Chain-of-responsibility pattern is a design pattern consisting of a source of command objects and a series of processing objects. Each processing object contains logic that defines the types of command objects that it can handle; the rest are passed to the next processing object in the chain.

Key points:

  1. Multiple objects may handle the request and handler may not be a specific object
  2. In Chain of responsibility pattern, the request will be passed through a chain of objects until it has been handled. But in Strategy, one specific algorithm will be selected at run-time from a family of algorithms.

Real world example : In a company, a designated role have particular limits to process purchase request. If person with a designated role does not have enough power to approve purchase bill, he will forward the command/request to his successor, who have more power. This chain will continue until the command is processed.

Refer to below useful SE questions/links

Chain-of-responsibility_pattern

Chain-of-responsibility-pattern from oodesign

chain_of_responsibility from sourcemaking


Strategy pattern is a business level pattern, a standardized interface way of how to achieve given goals/data results.

Chain of responsibilities is more implementation pattern - describing how you process the data, but not focusing for what (goals of a strategy).

For example:

Let's say we have 100 young swimmers in a club and 4 times a year you must select 10 person team for a regular national competition. The competitions have different profiles - some have more backstroke races, some more relay races, etc ... what means you must apply different team selection strategy.

So you have 4 dedicated strategies, one for each event.

In the code it could look like:

RankingsSet rankedClubSet = getSwimmersRankings(SwimmersSet allSwimmers)
SwimmersSet teamOf10 = selectTeamForCompetion(RankingsSet rankedClubSet, CompetionSelectionStrategy strategy) 

But how to get the rankings?

You just ask for opinion the coaching staff:

swimmer(self-assessment) -> physiologist -> biological renewal trainer -> doctor -> swimming trainer -> teammates -> teachers -> parents ... ----> strategy/qualifying committee

This is a chain of responsibilities. The order is important ... a doctor cannot assess a swimmer without evaluation from physiologist, parent opinion does not matter if main trainer rejects a swimmer ...

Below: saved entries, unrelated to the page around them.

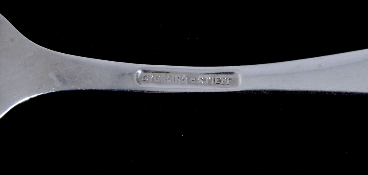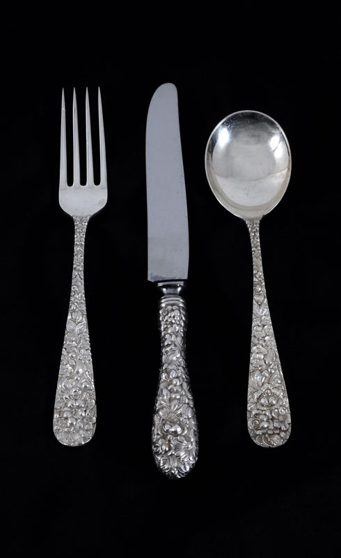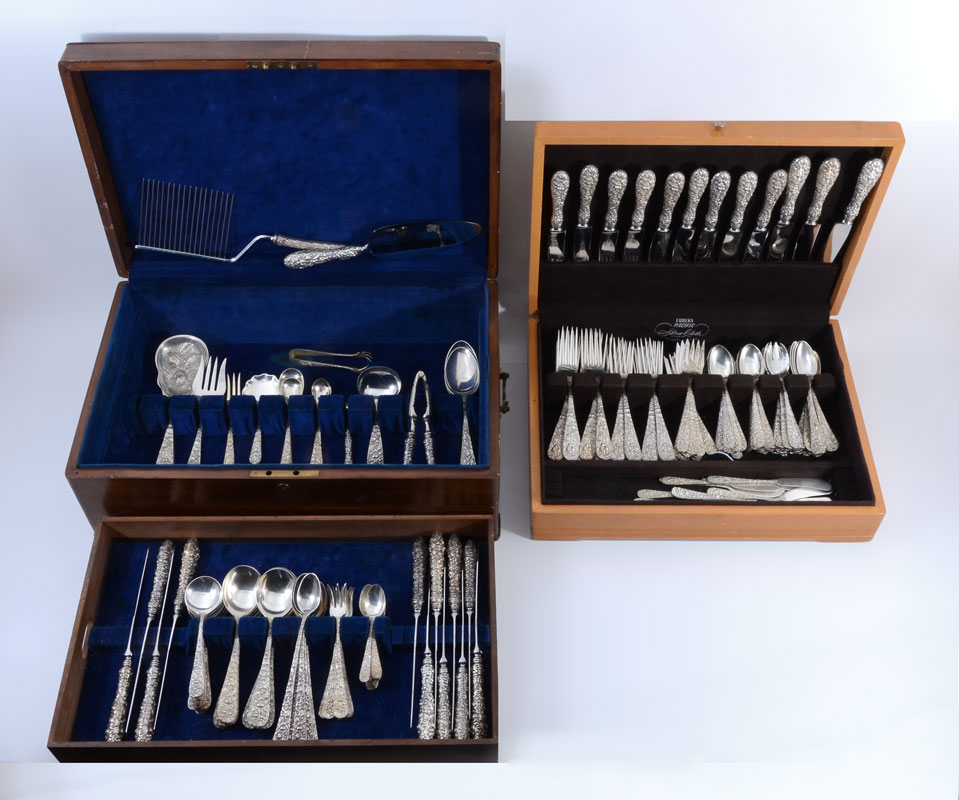 MASSIVE STIEFF ROSE STERLING FLATWARE SERVICE: Approx. 186 pieces in the ''Stieff Rose'' Pattern by Stieff to include 12 forks (7 3/8''), 12 forks (6 7/8''), 12 salad forks (6''), 24 teaspoons (5 1/2''), 12 Soup spoons (6 7/8''), 12 soup spoons (5 1/2''), 12 iced tea spoons (7 1/2''), 12 demitasse spoons (4 1/4''), 12 fruit spoons (6''), 12 ice cream forks (5 3/4''), 15 hollow knives (9 1/2''), 9 hollow knives (8 3/4''), solid master butter knife (7''), 10 solid butter knives (6''), cocktail fork (6''), 12 cocktail forks (5 5/8''), 4 tablespoons (7 3/4''), cold meat fork (7 1/2''), cake server (10''), angel food cake comb (10 5/8''), sugar tongs (4 3/8''), nut cracker (6 5/8''), berry spoon (9 1/8''), berry spoon (8 1/8''), sugar scoop (6''), jam spoon (5 7/8''), 2 pierced bowl olive forks (5 3/8''), small serving spoon (5 3/8''), gravy ladle (5 3/4''), hollow handle pick (5 1/2''). Approx. 190 troy oz. Sold with 2 silver chests.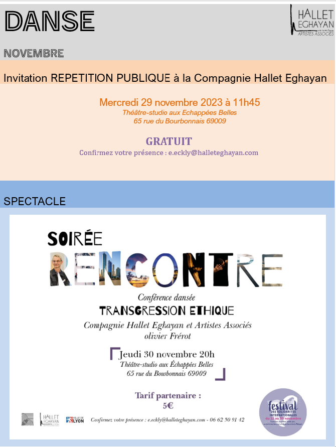 Conférence dansée sur la Transgression Éthique 29 et 30 nov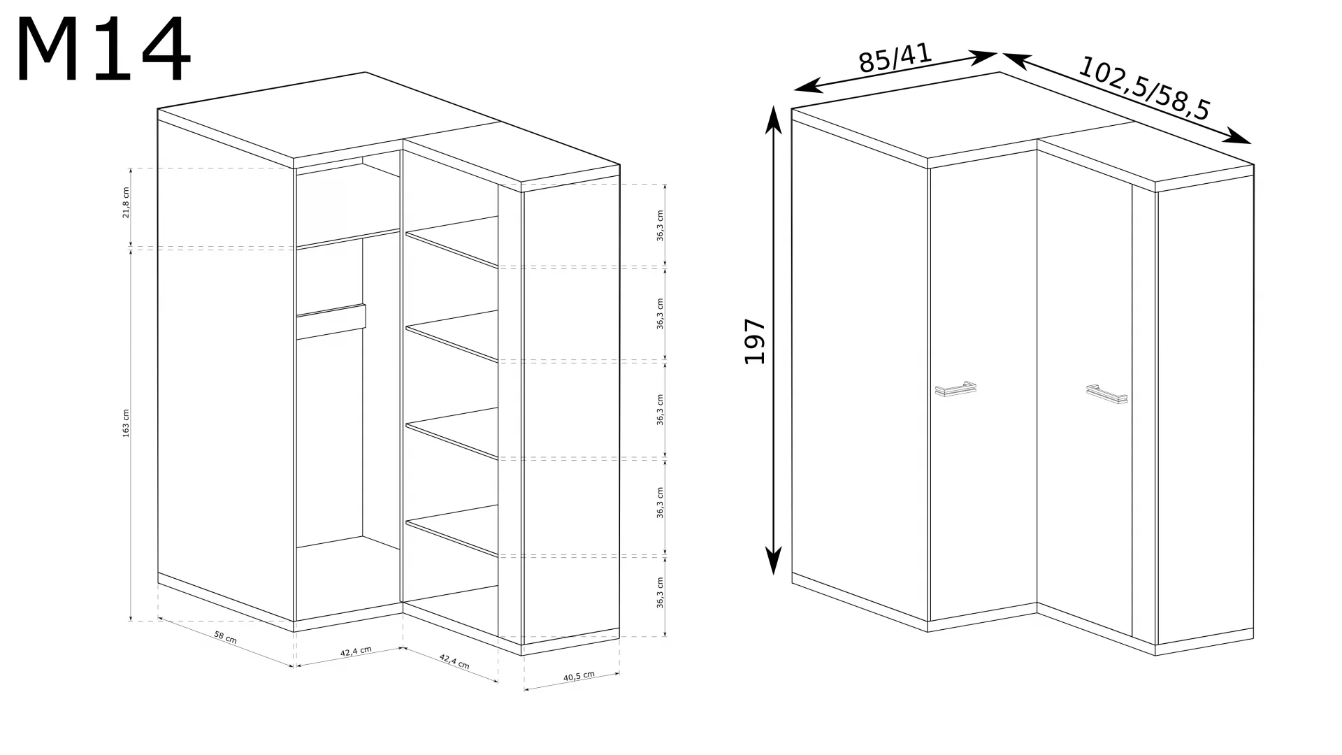Prostorná rohová dvoudveřová šatní skříň s úchyty pro uložení oblečení. Možnost přidání dalších polic umožňuje velkorysé množství prostoru. Vzácný prvek mezi šatními skříňmi. Interiér disponuje závěsnou tyčí a nad ní policí. Tato skříň je ideální pro vyplnění nevyužitého prostoru v místnosti. Přírodní barva dřeva a tmavé, dekorativní lišty ve stylu loftu dodávají interiéru teplo.

The ranking information is merged while passing from one processor to the next processor, some data are hidden for some processor, other can be decorated with additional notes ...

What is interesting in this case that as a narrator from the club you can think of strategy on two levels:

  1. pure calculations on rankings numbers to determine the team of 10 for a competition i.e. CompetionSelectionStrategy
  2. the entire process of selection - collecting rankings, tuning the dedicated strategies, questions how sport psychologist opinion matters etc.

but in "Design Patterns" terminology the strategy pattern is only 1.

Point 2. is too big to analyze in terms of single design pattern.

It is important to remember that in Design Pattern analysis you should focus on rather small pieces of functionality, where you can easily identify a single pattern and implement it.

When functionality chunk is too big automatically many patterns and relation between them are involved, the discussion becomes chaotic, some guys are so fixated on some patterns that they see them everywhere. Identifying design patterns is based on slow analysis and careful problem decomposition.